# SOURCE MATERIAL:
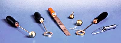:An apparatus for demonstrating thermal expansion, comprising a capative brass ball secured to a mounted brass ring by a chain. Ball dia. 25 mm.
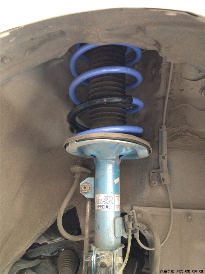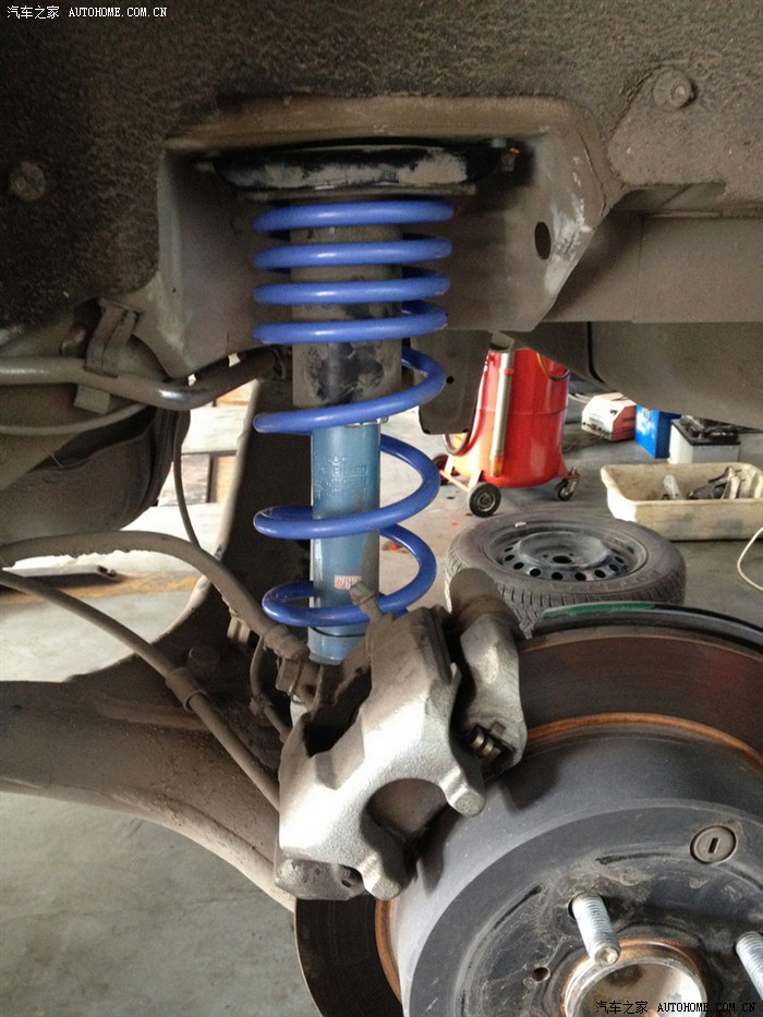 换KYB蓝筒减震器和KYB弹簧已近三个月了,效果应该说是有很大的提升。但是还是觉得车身高,前天换上了TS短弹簧。先上照片。
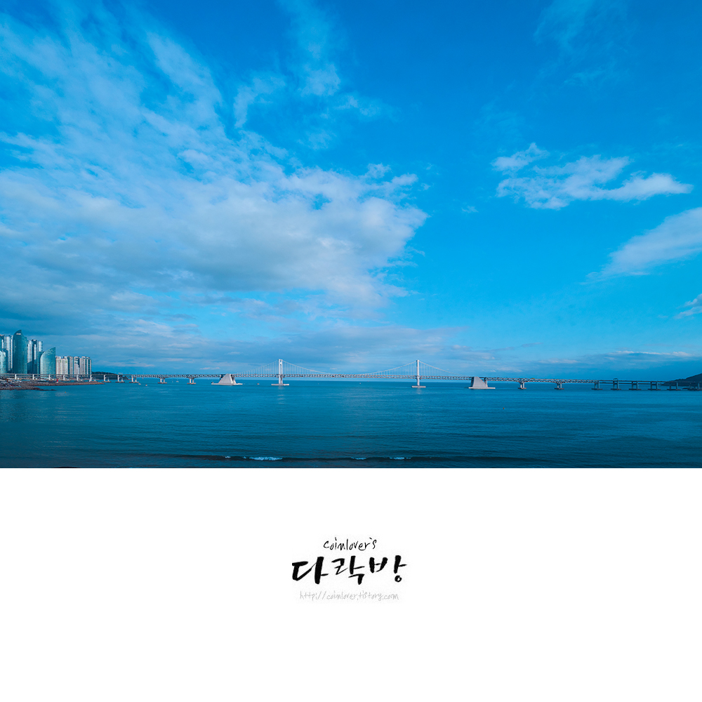 멀리 아이파크와 파크하얏트가 보였다. 다리 하나를 사이에 두고 분위기가 참 다르다. 회센터같은 것들이 모여 있는 광안리 쪽이 관광지 느낌이 좀 더 강한 것 같다. 그래서 평일에도 젊은이들이 넘쳐나는 듯.

# YOUR TASK:
The complete material, set down exactly and stripped of pictures, is the expected response.

# YOUR RESPONSE:
:An apparatus for demonstrating thermal expansion, comprising a capative brass ball secured to a mounted brass ring by a chain. Ball dia. 25 mm.
 换KYB蓝筒减震器和KYB弹簧已近三个月了,效果应该说是有很大的提升。但是还是觉得车身高,前天换上了TS短弹簧。先上照片。
 멀리 아이파크와 파크하얏트가 보였다. 다리 하나를 사이에 두고 분위기가 참 다르다. 회센터같은 것들이 모여 있는 광안리 쪽이 관광지 느낌이 좀 더 강한 것 같다. 그래서 평일에도 젊은이들이 넘쳐나는 듯.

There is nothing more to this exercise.